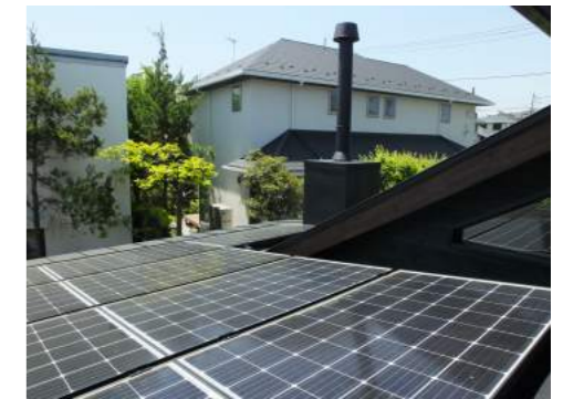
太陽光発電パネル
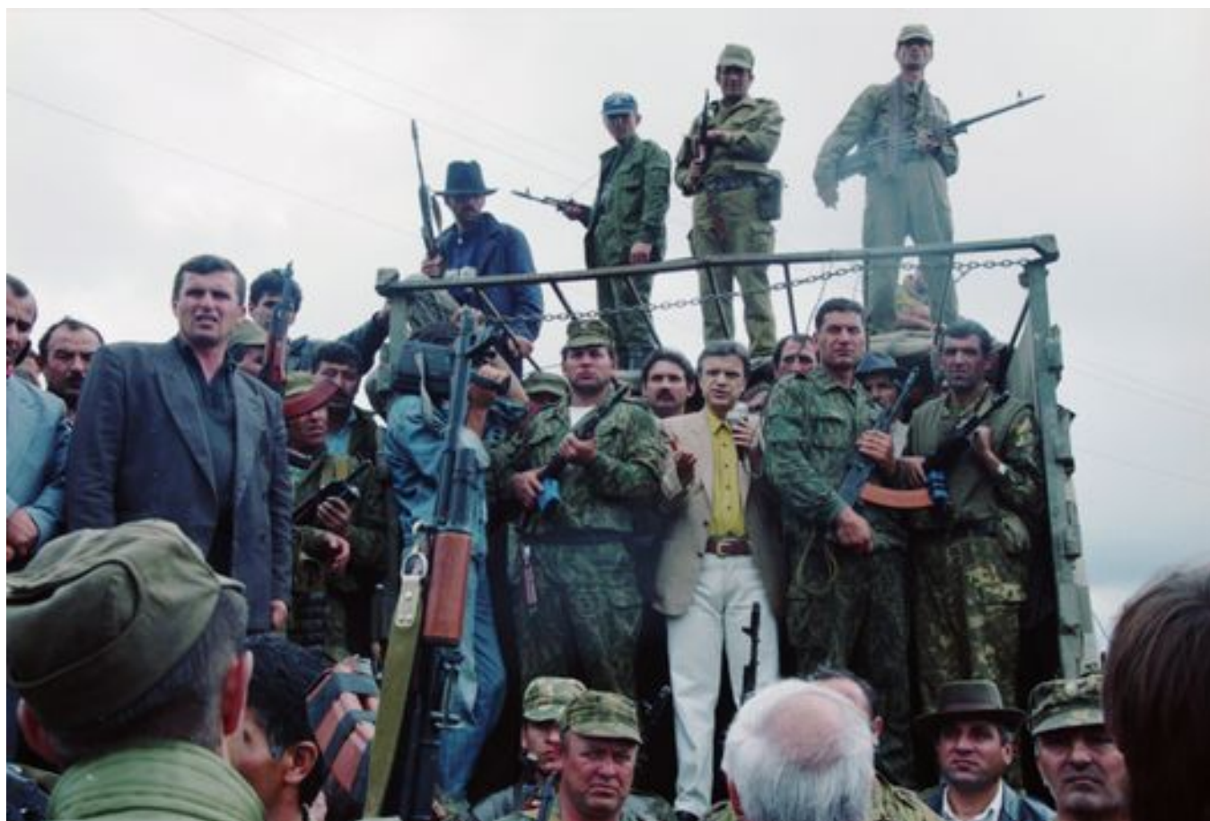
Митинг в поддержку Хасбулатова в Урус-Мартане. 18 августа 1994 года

==

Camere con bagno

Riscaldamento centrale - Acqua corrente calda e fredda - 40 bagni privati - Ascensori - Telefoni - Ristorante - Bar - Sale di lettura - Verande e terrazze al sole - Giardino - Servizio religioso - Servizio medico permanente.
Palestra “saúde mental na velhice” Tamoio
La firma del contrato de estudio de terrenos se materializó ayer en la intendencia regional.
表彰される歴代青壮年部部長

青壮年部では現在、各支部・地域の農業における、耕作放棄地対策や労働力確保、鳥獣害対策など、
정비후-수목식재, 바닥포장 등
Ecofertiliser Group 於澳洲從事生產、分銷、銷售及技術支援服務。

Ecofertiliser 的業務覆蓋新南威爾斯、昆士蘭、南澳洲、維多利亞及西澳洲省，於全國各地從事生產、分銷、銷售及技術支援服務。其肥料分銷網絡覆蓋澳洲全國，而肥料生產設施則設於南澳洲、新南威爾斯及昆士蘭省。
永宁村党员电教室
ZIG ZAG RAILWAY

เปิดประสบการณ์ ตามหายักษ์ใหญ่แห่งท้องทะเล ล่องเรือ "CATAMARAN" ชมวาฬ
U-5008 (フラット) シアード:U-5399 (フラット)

• _Your instructions_
Report all lines of the material that contain the word "銷售及技術支援服務".

• _Written answer_
Ecofertiliser Group 於澳洲從事生產、分銷、銷售及技術支援服務。
Ecofertiliser 的業務覆蓋新南威爾斯、昆士蘭、南澳洲、維多利亞及西澳洲省，於全國各地從事生產、分銷、銷售及技術支援服務。其肥料分銷網絡覆蓋澳洲全國，而肥料生產設施則設於南澳洲、新南威爾斯及昆士蘭省。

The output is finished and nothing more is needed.